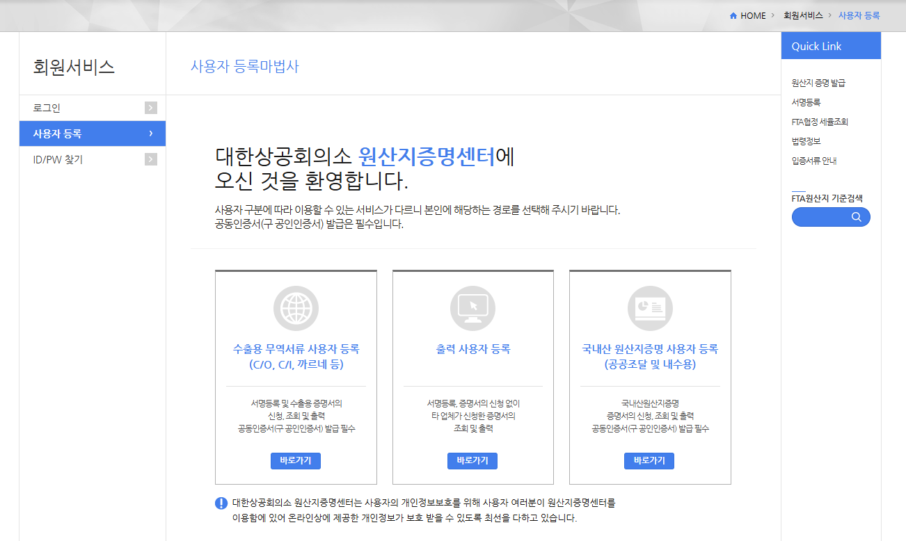 1) 원산지증명센터 사용자 등록부터
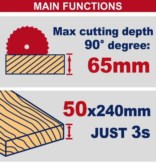- Глибина пропила при 90°, мм: 65 мм
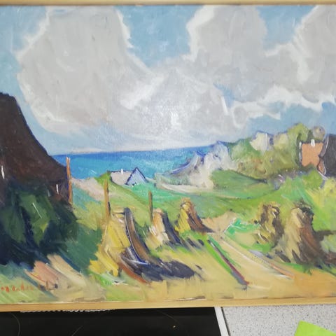 Akrylmaleri, Arnold William Pedersen, motiv: Landskab, stil: Naturalistisk, b: 64 h: 54, Akrylmaleri af Arnold William Pedersen ( 1912 - 1986 ) maler.
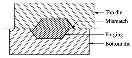 (iv) Mismatched forgings due to faults in two halves of the die in working. Mismatch is caused by mis-alignment between the top and bottom dies.
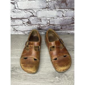 Selling Birkenstock Clog Brown Leather Buckle Strap Clogs Fisherman Sandal Shoes Women Sz 38EU/7.5M US
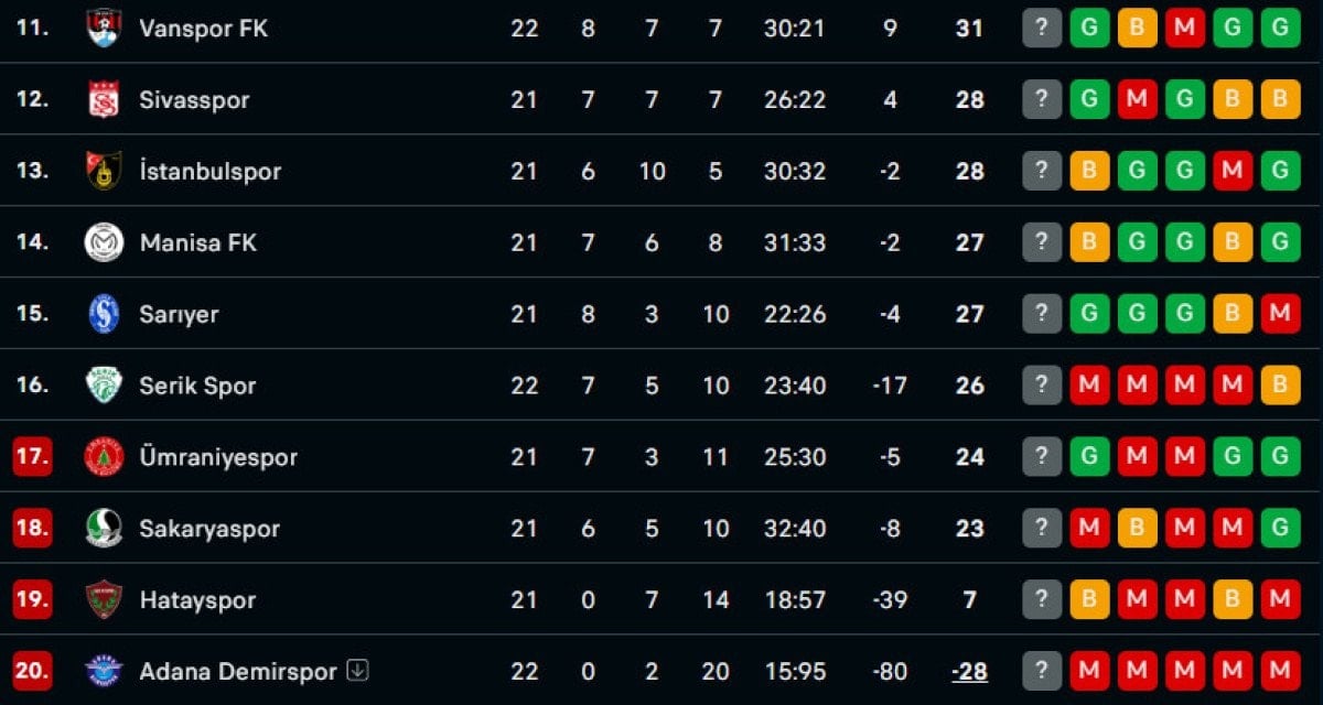 LİGDEKİ SON DURUM
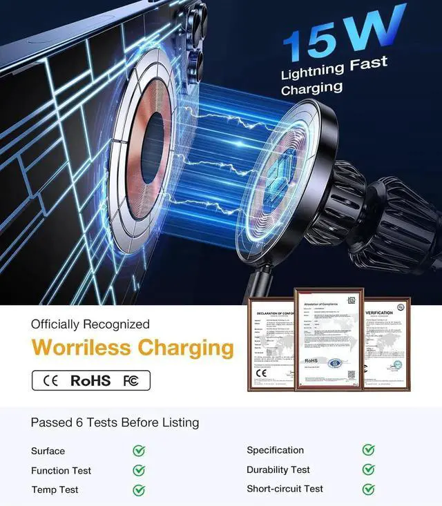 Note: Charging speed decreases after 85%? STRONG MAGNETIC MagSafe Car Mount- Equipped with 20 X N55 magnets our phone mount for car has far more magnetic power than any car phone holder on the market. Even during bumpy rides resembling a roller coaster your phone will never fall off and distract you. Annular closed magnetic field not interfere with the signal or battery drain.? 360° Flexile & One Hand Operation- 360°adjustable angle so you can easily get the best viewing angle. Ensures easy hands-free driving with less distraction make calls and GPS navigation safer. As the slogan goes everything just clicks and we all can enjoy the convenience of Magsafe.? Designed for Magsafe- This for Magsafe Car Charger is compatible with iPhone16/ 16e/ 16Pro/ 16 Plus/ 16 Pro Max /15/15 Pro/15 Plus/15 Pro Max/14/14 Pro/14 Plus/14 Pro Max/14 Mini/13/ 13 Pro/ 13 Pro Max/ 13 Mini/ 12/ 12 Pro/ 12 Pro Max/ 12 Mini MagSafe Case.????????????????????:?????????????????????????????????????????????????????????????????????????????????????????????????????? (?????????????????????? )
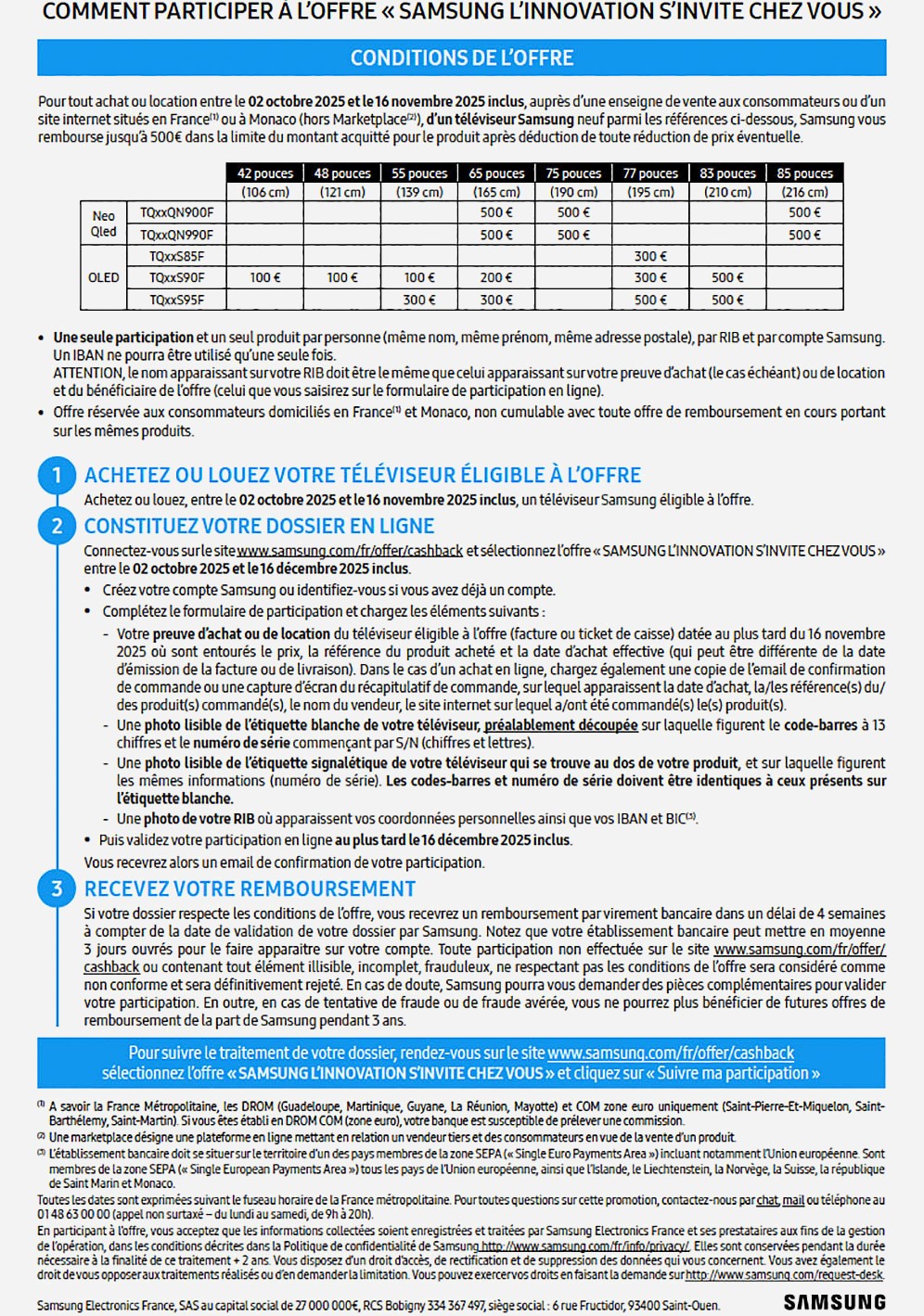 More details on the offer in participating stores or on the brand's website: www.samsung.com/fr/offer/cashback
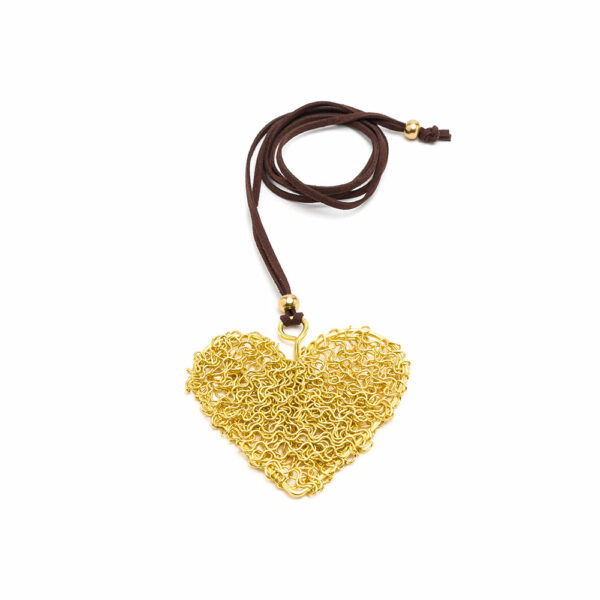 Collana filo regolabile con pendente cuore microfilo. Lavorazione artigianale.
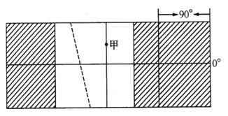 读下面的经纬线示意图,图中虚线是晨昏线,阴影与非阴影部分代表两个不同日期,据此完成5--6题。
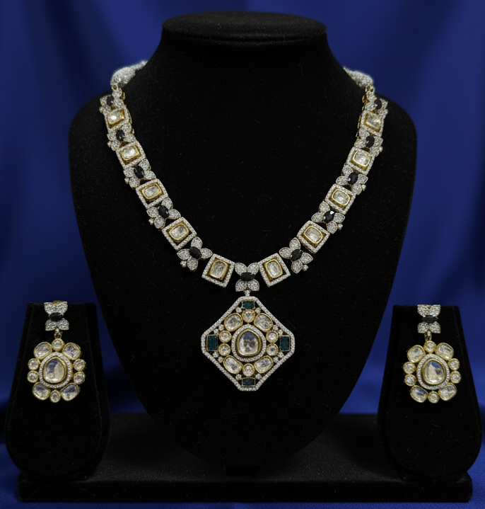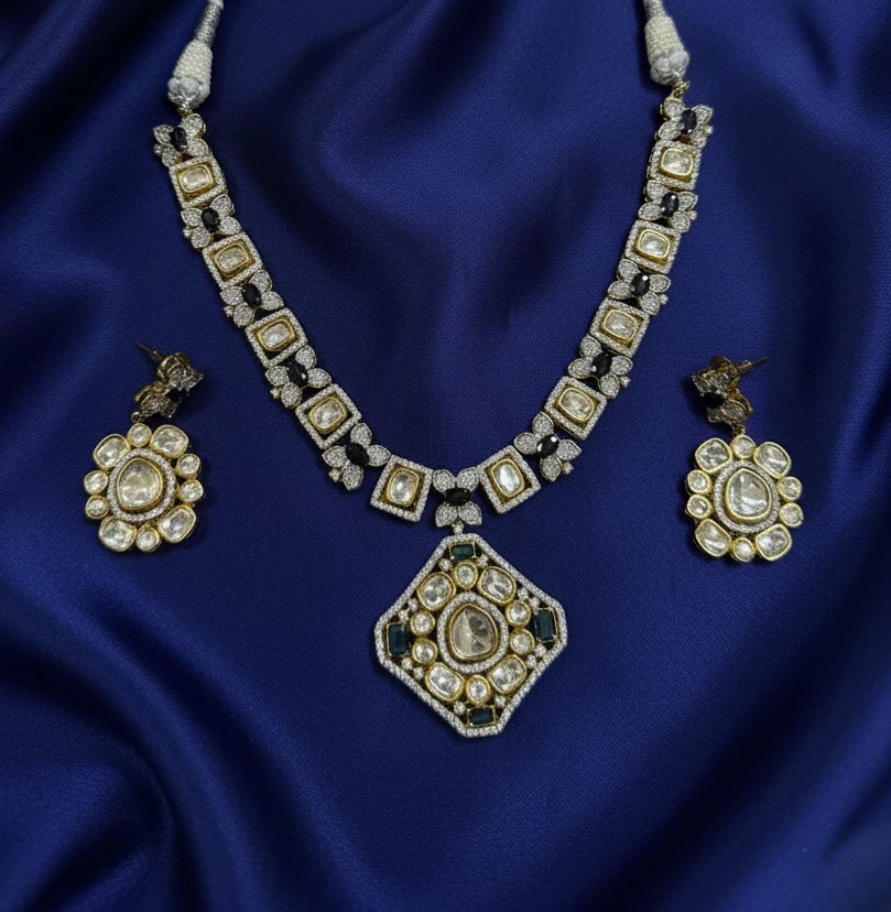 A bold and sophisticated jewelry set featuring antique-cut Polki stones accented by deep midnight sapphires, designed to command attention with its geometric precision and vintage charm.
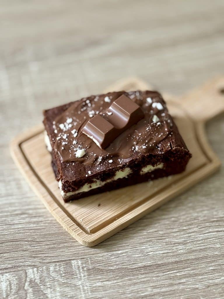 Brownie chocolat noir riche et fondant, garni de barres de Kinder Maxi. Sur le dessus, une belle couche de pâte à tartiner chocolat-noisettes et un éclat de Kinder pour un final ultra-gourmand. 🍫
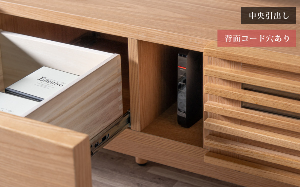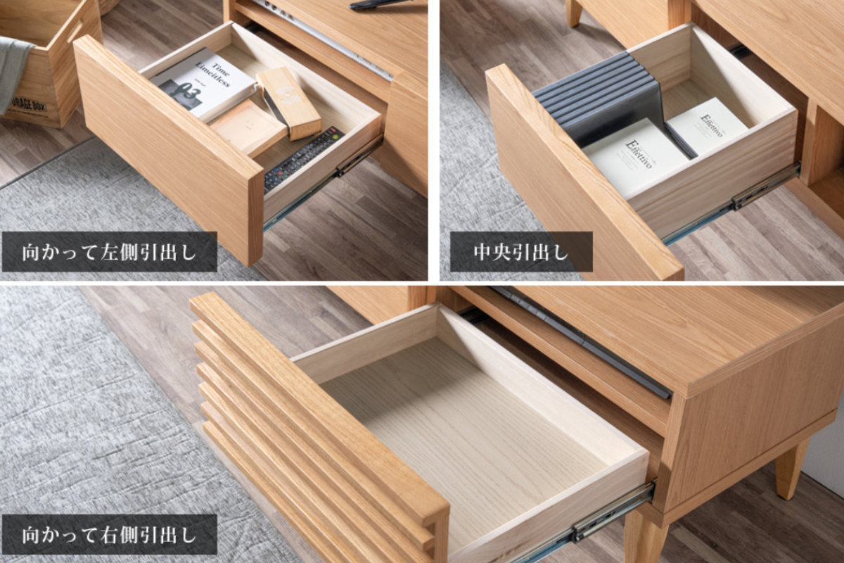 中央に配置された3杯の引出しは、日常小物から書類、AV周辺機器までしっかり収納できる大容量設計です。 細かいものもまとめて片付き、リビングを美しく保てます。
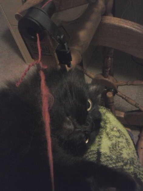 But I did get back to it! By February of 2015 I was hard at work at my wheel. A certain Anti-Spinning Feline Overlord was hard at work too.
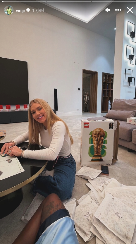直播吧03月01日訊 維尼修斯在個人社媒曬照,畫面中,他與女友圍坐在客廳,一起組裝樂高版大力神杯,地上散落著樂高零件包。
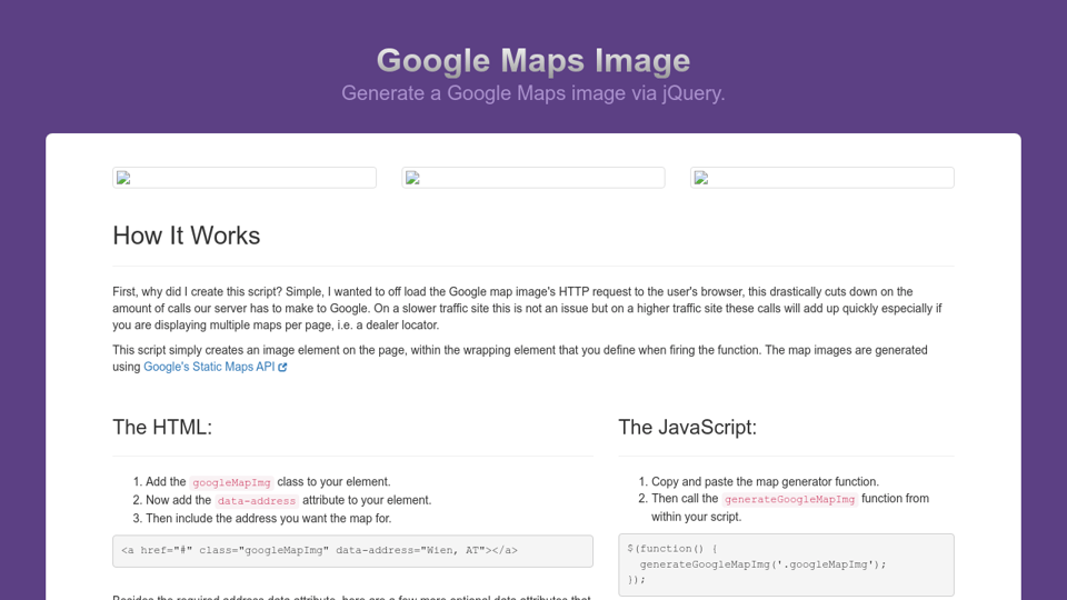 javascript map elements of an array to HTML DIV template. Ask Question Asked 7 years, 11 months ago. Active 2 years, 1 month ago. Viewed 6k times 1 What I'm looking for is either a function or a piece of code that could help me dump the results of an array into an HTML DIV. I know that there's different ways of doing so, but these all require ... Getting started. There are three steps to creating a Google map with a marker on your web page: Create an HTML page; Add a map with a marker; Get an API key The map () method creates a new array with the results of calling a provided function on every element in this array. As you can see, we have five different types of objects: An array. The elements contained within this array. A function. The results returned by this function. A new array.
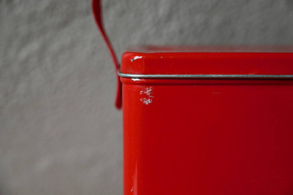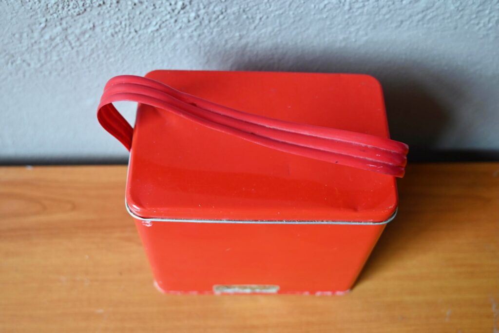 La boîte est en métal peint en rouge vif, elle présente quelques petites rayures et bosses visibles sur les photos. Elle est transportable grâce à une poignée en vinyle épais. A l’intérieur, un système de rayonnage permet de faire coulisser et de sortir 5 plateaux en aluminium. L’ensemble est en bel état.
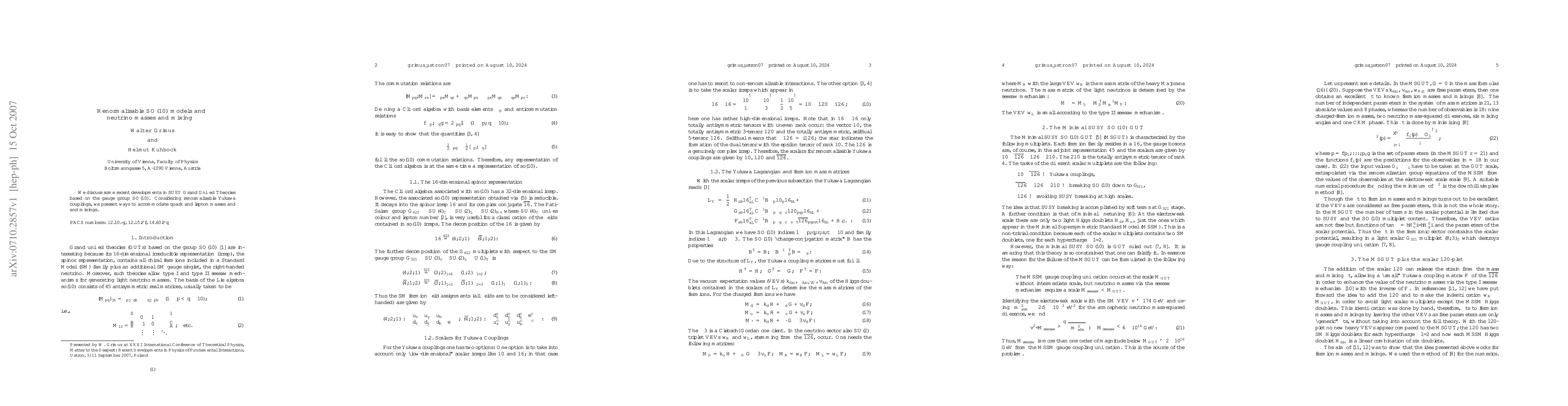 Summary: This paper explores SUSY Grand Unified Theories within the SO(10) framework, focusing on renormalisable Yukawa couplings to explain quark and lepton masses and mixings, particularly neutrino properties.
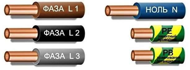 Многожильные кабели обозначают в последовательности от L до LN, например, L1, L2, L3 и т. д. Маркировка всех фазных проводов различная, например, фиолетовая, серая, коричневая, красная.
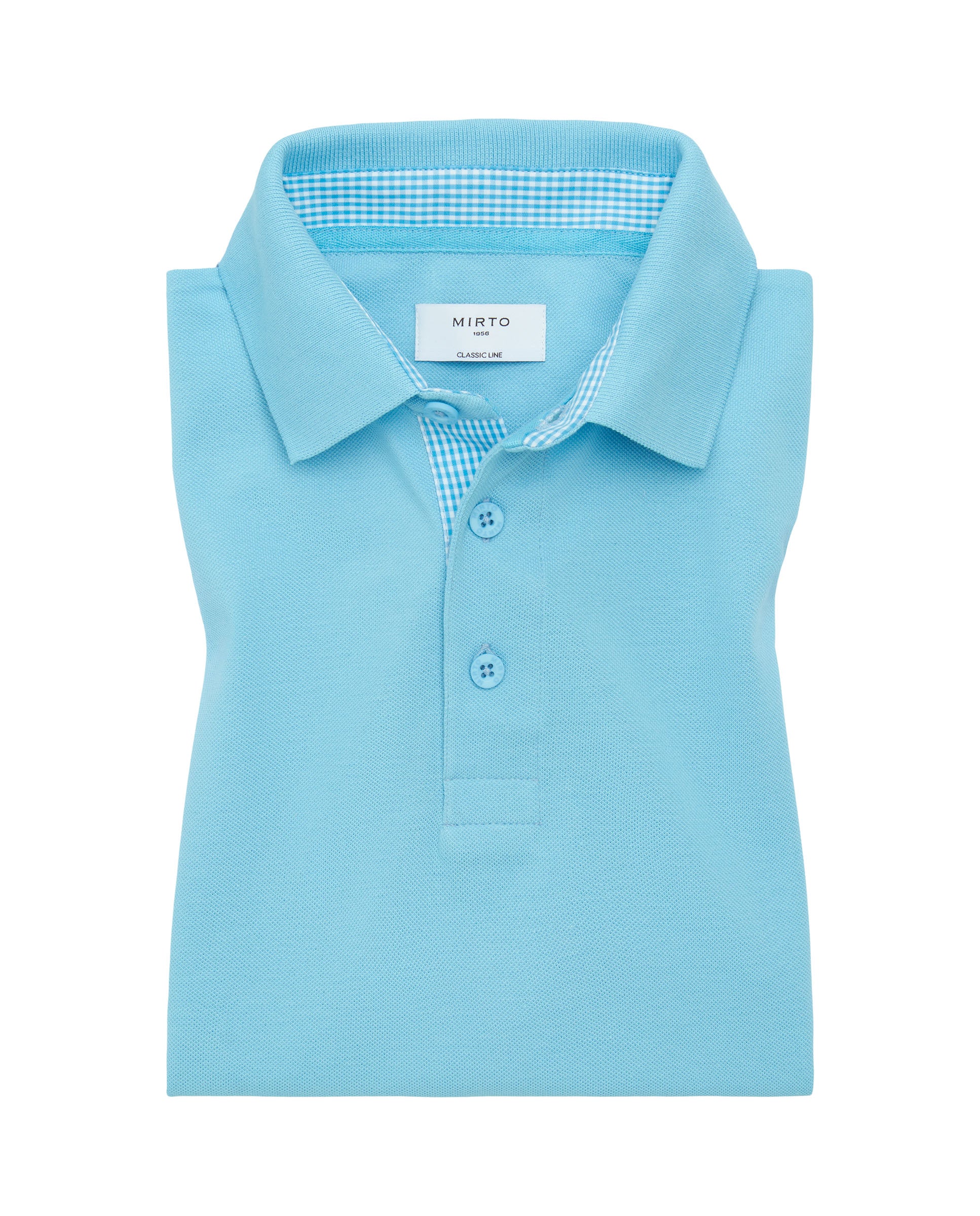 Polo manga corta sin bolsillo,100%algodón de piqué, cuello polo, aplique de cuadros vichy al tono en tira interior de cuello y tapeta de botones. Mangas con elásticos al tono.

▶ _WHAT THE TASK ASKS_: Skip the pictures. Write out exactly the lines from the one with "Summary: This paper" through the last line of the listing, both ends included, and nothing more.

▶ _REPLY_:
 Summary: This paper explores SUSY Grand Unified Theories within the SO(10) framework, focusing on renormalisable Yukawa couplings to explain quark and lepton masses and mixings, particularly neutrino properties.
 Многожильные кабели обозначают в последовательности от L до LN, например, L1, L2, L3 и т. д. Маркировка всех фазных проводов различная, например, фиолетовая, серая, коричневая, красная.
 Polo manga corta sin bolsillo,100%algodón de piqué, cuello polo, aplique de cuadros vichy al tono en tira interior de cuello y tapeta de botones. Mangas con elásticos al tono.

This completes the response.